Blackbaud (BLKB) CEO logs stock awards and tax-withholding share forfeitures
Filing Impact
Filing Sentiment
Form Type
4
Rhea-AI Filing Summary
Blackbaud Inc. President and CEO Michael P. Gianoni reported a mix of equity grants and tax-related share dispositions in common stock. On February 13, 2026, he acquired 15,629 shares through a grant or award. On February 17, 2026, he received an additional 80,100 restricted shares that will vest in three equal annual installments beginning February 17, 2027, subject to continued employment.
Also on February 17, 2026, a total of several thousand shares were forfeited back to Blackbaud at a price of $49.08 per share to satisfy tax liabilities triggered by the vesting of performance restricted stock units and restricted stock originally granted on February 13, 2023. All holdings are reported as directly owned after these transactions.
Positive
- None.
Negative
- None.
Insider Trade Summary
5 transactions reported
Mixed
5 txns
Insider
Gianoni Michael P
Role
President and CEO
| Type | Security | Shares | Price | Value |
|---|---|---|---|---|
| Tax Withholding | Common Stock | 4,937 | $49.08 | $242K |
| Tax Withholding | Common Stock | 7,088 | $49.08 | $348K |
| Tax Withholding | Common Stock | 9,881 | $49.08 | $485K |
| Grant/Award | Common Stock | 80,100 | $0.00 | -- |
| Grant/Award | Common Stock | 15,629 | $0.00 | -- |
Holdings After Transaction:
Common Stock — 383,677 shares (Direct)
Footnotes (1)
- The Compensation Committee determined that a portion of performance restricted stock units ("PRSUs") granted on February 13, 2023 would vest in full on February 13, 2026 based on the Issuer achieving performance goals for the period ended December 31, 2025, subject to continued employment. Represents shares forfeited to the Issuer in connection with the satisfaction of tax liabilities incurred upon the vesting of PRSUs granted February 13, 2023. Represents shares forfeited to the Issuer in connection with the satisfaction of tax liabilities incurred upon the vesting of restricted stock granted February 13, 2023. Represents a restricted stock award which vests in three equal annual installments beginning on February 17, 2027, subject to continued employment.
FAQ
What insider transactions did Blackbaud (BLKB) CEO Michael P. Gianoni report?

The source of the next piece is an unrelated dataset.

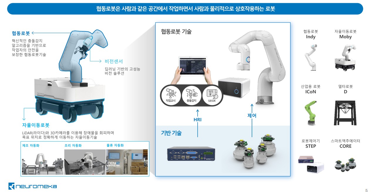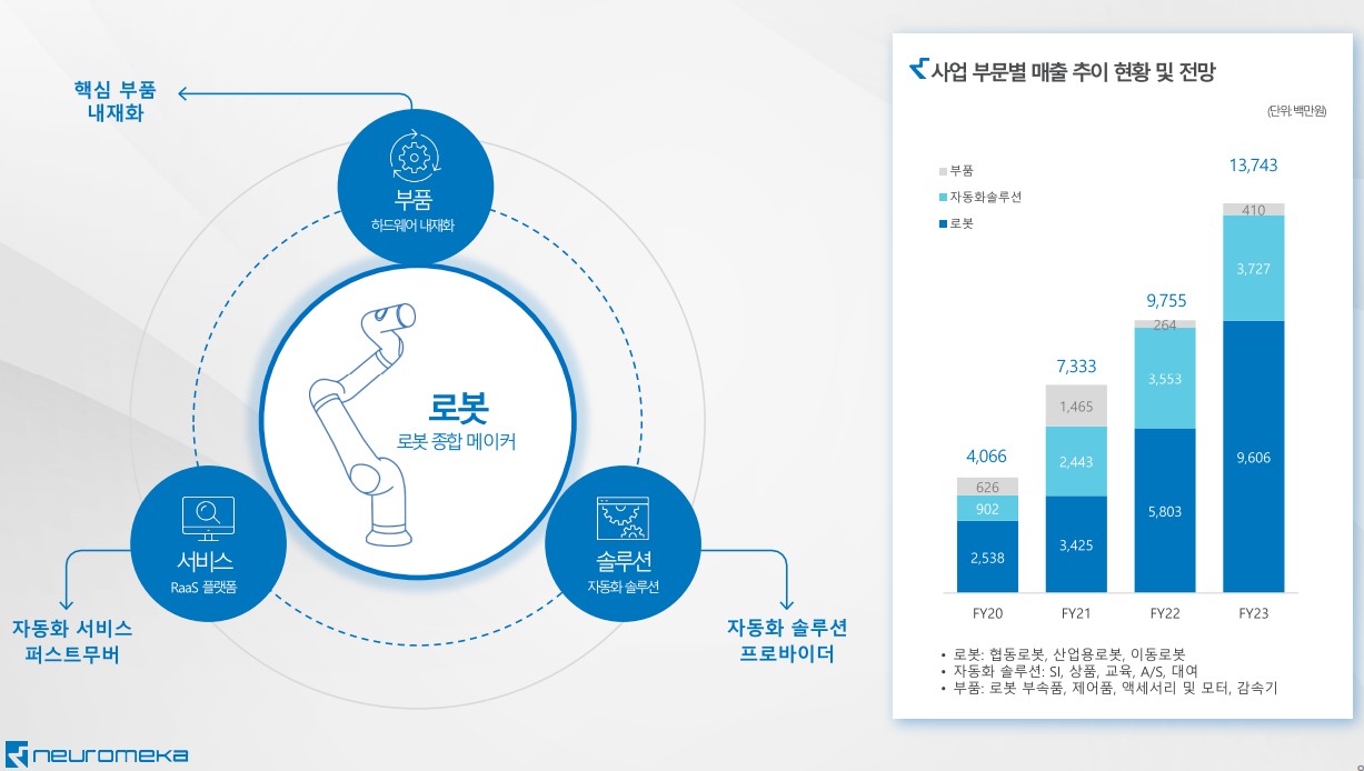 뉴로메카는 최근 다양한 로봇 솔루션을 선보이며 시장에서 주목받고 있습니다. 2024년 2월에는 해군 함정 선체 정비용 로봇을 납품했으며, 2023년 3월에는 신개념 용접 솔루션을 공개했습니다. 이러한 제품들은 국내외 조선사와의 협의를 통해 공급이 확대될 예정입니다. 또한, 튀김로봇 시스템을 개발하여 국내 대표 프랜차이즈 교촌치킨과의 협력을 통해 매장 내 도입을 확대하고 있습니다. 이러한 다양한 산업에서의 로봇 솔루션 제공은 뉴로메카의 매출 성장을 이끌 주요 요인입니다.

Michael P. Gianoni reported a mix of equity grants and tax-related share forfeitures in Blackbaud common stock. He received new stock awards and forfeited shares to cover tax liabilities arising from the vesting of earlier performance-based and time-based equity grants.
What is the vesting schedule for the new Blackbaud (BLKB) restricted stock award?
The new restricted stock award to the CEO vests in three equal annual installments beginning on February 17, 2027. Vesting is conditioned on his continued employment, meaning shares are earned over time rather than all at once on the grant date.
How were Blackbaud (BLKB) performance restricted stock units treated in this Form 4?
The Compensation Committee determined that a portion of performance restricted stock units granted on February 13, 2023 would fully vest on February 13, 2026 after Blackbaud achieved specified performance goals through December 31, 2025, with vesting also requiring the CEO’s continued employment.
Does this Blackbaud (BLKB) Form 4 show open-market stock sales by the CEO?
The transactions use code "F" for tax-withholding dispositions and code "A" for grants or awards, rather than open-market sales. Shares were forfeited back to Blackbaud to cover tax liabilities linked to vesting equity, and new shares were awarded as compensation.